How to survive your first night shift as a doctor
With tomorrow being 'black Wednesday', the day in the UK where the new round of junior doctors start work, we asked Dr. Henna Anwar to write a piece about how to tackle your first night shift!
If you are just starting work as a Doctor; first of all – congratulations! Welcome to what I can only describe as the best and worst job* in the world. You are just getting into the fitted seats of the rollercoaster. Fasten your seat belt. Sit back. Get ready. Enjoy the ride!
Secondly, you have probably never worked a night shift before, this can feel scary and daunting. So I’ve come up with this post, giving you some tips on how to survive your first night shift and those to come.
*I say worst, as you will save lives, but there are others that you won't be able to save - and that's hard, but you'll learn to cope and deal with it (most of the time)!
Before the shift
- Prepare! If you can, whilst you are a student or before you start your Foundation Year 1 (FY1) job, try and do 1-2 night shifts with an FY1. This is probably the best thing you can do in preparation. They will teach you things that you might not have even thought of (like which ward always has biscuits stashed somewhere!)
- Check the rota – make sure you know exactly what shifts you are down for!
- Find out the shift times/pattern.
- Know exactly what time you start each shift.
- Know what time handover is and where you need to be for this.
- If you can – find out/know who are working with. If you meet them during a day shift you can mention you will be on nights with them – this may help you feel relaxed knowing you will see a friendly (I hope!) face when you arrive for your shift.
- Familiarise yourself with where important equipment is kept (ECG machine, ABG analyser) and where to send bloods.
- Make a list of (or at least think about) common medications you will be asked to prescribe (such as analgesia). Do you know where to find the local antibiotic guidelines?
*Important* If you can – try to make sure all your passwords/logins are working
The day of your night shift
- Have a lie-in in the morning before and then try and get some sleep before the shift. If you have never done this before, sleeping during the day can be hard!
- To help with your sleep consider buying aids such as blackout curtains, earplugs etc.
- Don’t have caffeine during the day to allow you to nap before the shift. You can have a coffee before you go into work.
- Make sure you are suitably dressed for work. This includes thinking about what you are expected to wear. Do the Doctors on the night shifts wear scrubs? Do you know where to get these from?
- Bring food and drink with you. The hospital is a very different place at night and there may not be anywhere you are able to buy any food from.
Arriving to your shift
- Don’t be late!! PLEASE! This is so important! Arrive 15 minutes early so you can compose yourself and be ready for handover.
- Know the handover procedure – do you need a pen/paper to write or electronic device?
- Pay close attention at handover and make sure you get all the important details from your colleagues going off duty. It's much harder to find these facts at 3 am on a dark ward when the notes are missing.
- If you are not sure of something – please ask! For example, If someone has handed over a patient saying “Bed 11 Ward 10” – don’t be afraid to ask “What’s the patient’s name and ID?” – patients can be moved and you don’t want to lose a patient you are meant to do an important job for, during the night!

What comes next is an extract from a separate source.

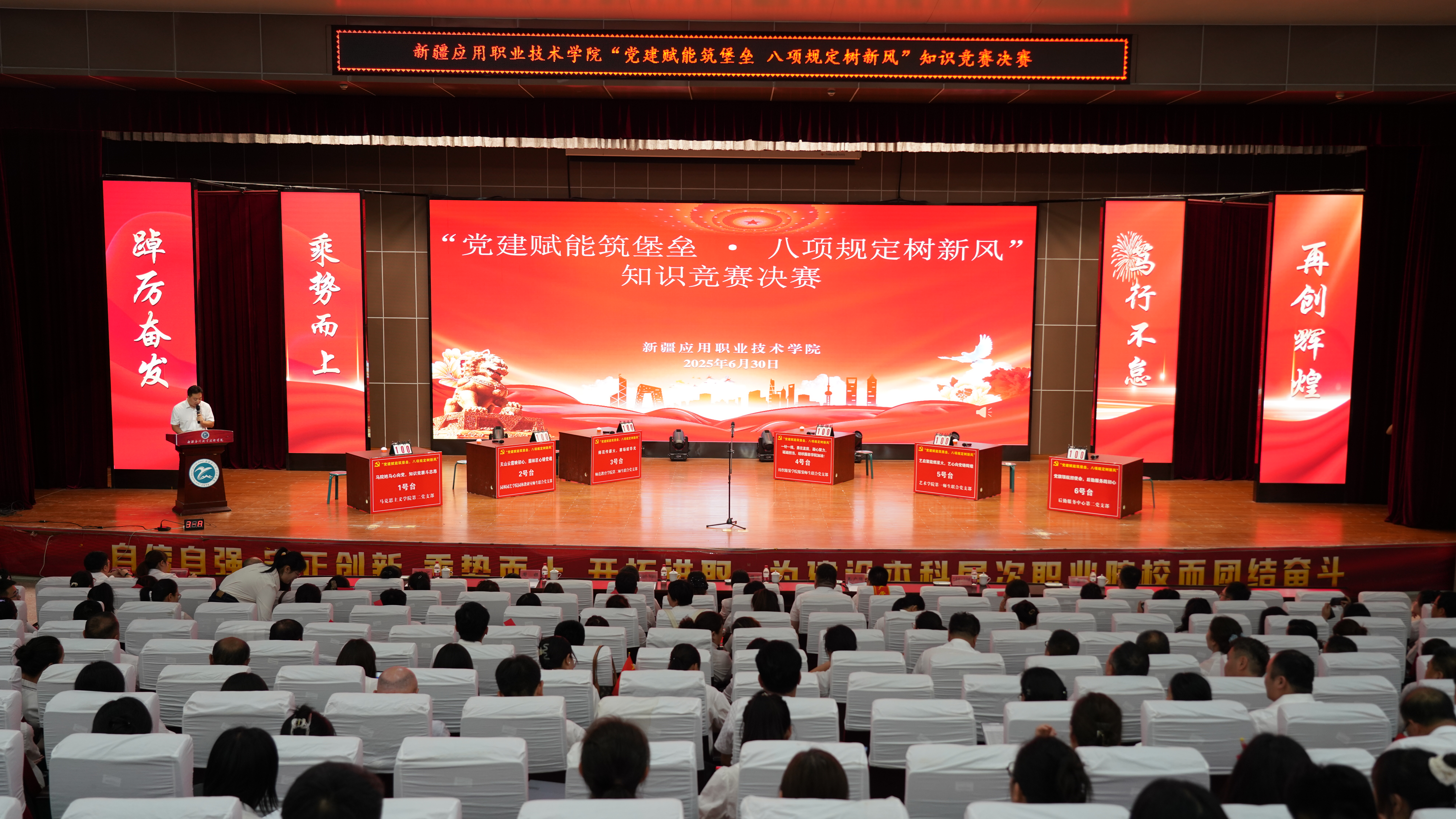 在全党上下深入学习贯彻党的二十大精神,扎实开展中央八项规定精神学习教育的关键时期,新疆应用职业技术学院于2025年6月30日成功举办第五届党建文化节“党建赋能筑堡垒 八项规定树新风”知识竞赛决赛。此次活动紧扣中央八项规定精神学习教育核心要义,通过“学、赛、践”三维联动,推动纪律规矩内化于心、外化于行,为涵养校园清朗政治生态注入强劲动能。

- Prioritise your tasks. You need to deal with the acutely unwell patients first and everything else later and if you can't get things done, hand over to the day team.

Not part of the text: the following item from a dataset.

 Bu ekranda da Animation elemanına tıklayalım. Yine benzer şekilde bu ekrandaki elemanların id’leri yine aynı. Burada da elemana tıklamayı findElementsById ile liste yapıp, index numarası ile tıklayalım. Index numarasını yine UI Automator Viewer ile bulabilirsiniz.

- Even if you are busy, respond to your bleeps/tasks. Let the person, who is trying to get a hold of you, know that you are currently busy and will get back to them soon.

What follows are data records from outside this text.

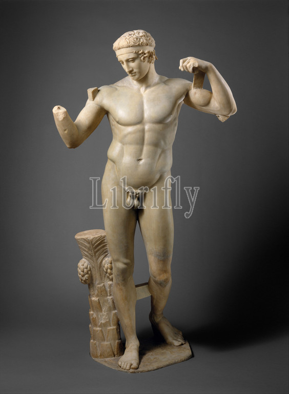 Fragments, marble statue, Diadoumenos, youth tying, fillet, head, Early Imperial, Flavian, ca, .D, 69–96, Roman, Marble, H, 73, 185.4 cm, Stone Sculpture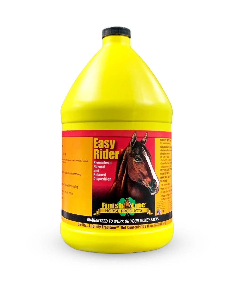 Easy Rider Calming Liquid Horse Supplement from Finish Line promotes mental alertness and relaxation without causing drowsiness allowing you to enjoy your ride every time. Formulated to tackle even the crankiest of horses, Easy Rider helps create a more gentle and agreeable disposition for mares, stallions, and geldings.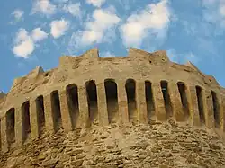The acropolis of the city extended over two hills at the top of the promontory: Poggio del Castillo, the site of the castle and modern structures, and Poggio del Telegrafo, also called, confusingly, Poggio del Molino, not the only hill of that name in the area. Remains of a Roman villa, Villa le Logge, share Telegrafo with an excavation last conducted in the seasons of 2003–2005, which uncovered among other things postholes from a village of huts of the same date as the Villanovan cemeteries, about 900 BC.[11]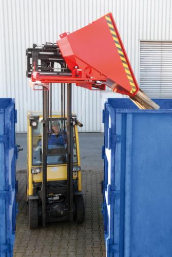 Der Kippvorgang wird bequem vom Fahrersitz aus per Zugseilentriegelung ausgelöst. Durch die praktische Drehfunktion ist ein Abkippen zu seitlich gelegenen Containern kein Problem. Lästiges rangieren mit dem Stapler entfällt – die Kipprichtung kann nach vorne, links oder rechts eingestellt werden. Durch die Kippsicherung wird sichergestellt, dass der Behälter während des Transportes nicht unbeabsichtigt auskippt. Mit einer Sicherungskette an den Einfahrtaschen kann der Kippbehälter zusätzlich am Stapler gegen Abrutschen gesichert werden . Hohe Stabilität durch umlaufende gekantete Randverstärkung. Robuste Konstruktion aus Stahl mit Lackierung in RAL3000 Feuerrot. Zum einfachen Transportieren und Entleeren nehmen Sie den Kippbehälter einfach mit dem Stapler über die Einfahrtaschen auf und bringen ihn auf die gewünschte Position und erforderliche Höhe.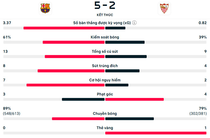 Những nỗ lực của Sevilla chỉ giúp họ ghi thêm một bàn nhờ công của Sow ở phút 90+2. Chung cuộc, Barca vượt qua Sevilla 5-2 để khẳng định sức mạnh.

- When prescribing DO NOT just write something down when you get asked if you are not sure. It is YOUR name going on the prescription. Do not be afraid to say you will prescribe it after you have checked. Use the BNF.
- Remember that trusts will have their own specific guidelines for antibiotic prescriptions. Use this.
- DO NOT FORGET TO CONFIRM ALLERGY STATUS
Managing Unwell Patients
- Learn your ABCDE. You are NOT expected to know how to diagnose and manage every medical condition under the sun BUT you are expected to know how to assess an unwell patient.
- Try and identify major problems or likely ones early in the shift. Deal with these first, preferably before midnight, so that if you need to call someone, such as the consultant, at home it is before they go to sleep. Despite this, never ever be afraid to call for senior help in the early hours. In the long run, you can only be criticised for not doing so.
- Be proactive in looking for potential problems, I don’t think it’s true that “jobs just appear” when you turn up to the ward (some doctors think this). If you visit the ward early in the night and address any concerns when patients are awake and the lights are switched on, it can save you a lot of trouble later on.
- If you are with a very unwell deteriorating patient ASK FOR HELP sooner rather than later. No one will mind if you call them for help. Use the SBAR mnemonic to help you relay information accurately and quickly.
- Please DO NOT try to manage everything on your own – this is why you have a senior team.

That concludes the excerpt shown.